[Source records]
• • • • • • •
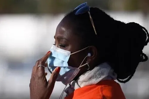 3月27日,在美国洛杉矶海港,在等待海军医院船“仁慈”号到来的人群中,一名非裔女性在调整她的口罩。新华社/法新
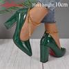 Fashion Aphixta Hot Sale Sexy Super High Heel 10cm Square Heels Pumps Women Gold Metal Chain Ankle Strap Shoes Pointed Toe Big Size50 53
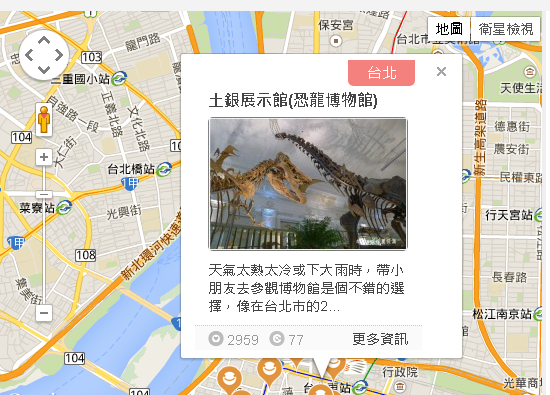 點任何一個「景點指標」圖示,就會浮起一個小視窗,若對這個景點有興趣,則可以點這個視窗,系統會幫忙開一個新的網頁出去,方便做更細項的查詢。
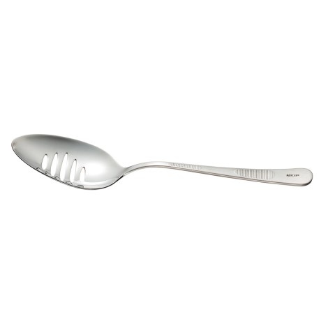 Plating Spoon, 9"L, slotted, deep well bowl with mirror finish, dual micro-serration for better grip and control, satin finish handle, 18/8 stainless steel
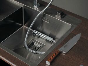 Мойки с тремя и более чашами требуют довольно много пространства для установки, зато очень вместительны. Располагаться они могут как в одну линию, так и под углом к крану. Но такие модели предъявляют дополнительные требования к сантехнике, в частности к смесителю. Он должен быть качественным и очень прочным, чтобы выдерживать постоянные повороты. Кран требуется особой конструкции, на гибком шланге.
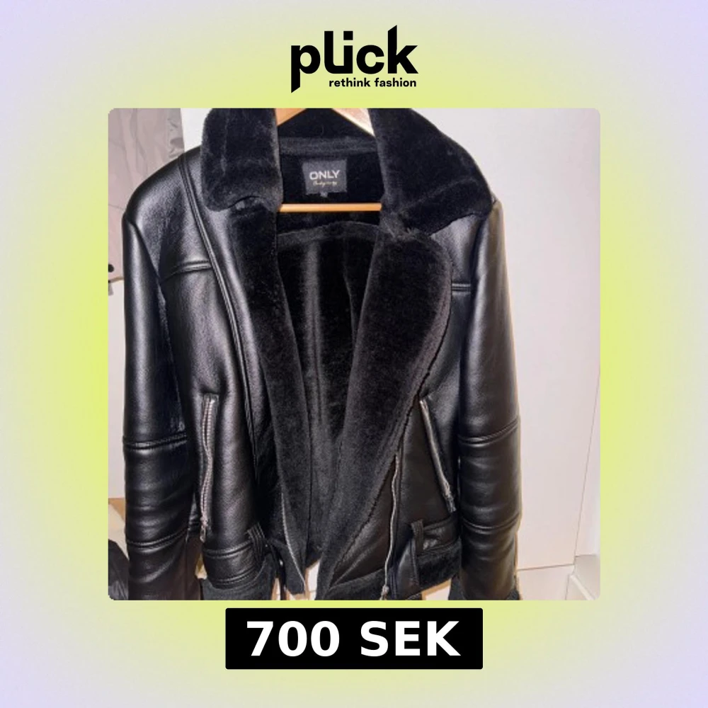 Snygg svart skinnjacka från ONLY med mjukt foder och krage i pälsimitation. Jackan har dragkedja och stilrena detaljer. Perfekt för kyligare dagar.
• • • • • • •
Your task is to restate word for word the lines from the one containing "點任何一個「景點指標」圖示,就會浮起一個" through the last line of the data, both ends included, with no pictures.

 點任何一個「景點指標」圖示,就會浮起一個小視窗,若對這個景點有興趣,則可以點這個視窗,系統會幫忙開一個新的網頁出去,方便做更細項的查詢。
 Plating Spoon, 9"L, slotted, deep well bowl with mirror finish, dual micro-serration for better grip and control, satin finish handle, 18/8 stainless steel
 Мойки с тремя и более чашами требуют довольно много пространства для установки, зато очень вместительны. Располагаться они могут как в одну линию, так и под углом к крану. Но такие модели предъявляют дополнительные требования к сантехнике, в частности к смесителю. Он должен быть качественным и очень прочным, чтобы выдерживать постоянные повороты. Кран требуется особой конструкции, на гибком шланге.
 Snygg svart skinnjacka från ONLY med mjukt foder och krage i pälsimitation. Jackan har dragkedja och stilrena detaljer. Perfekt för kyligare dagar.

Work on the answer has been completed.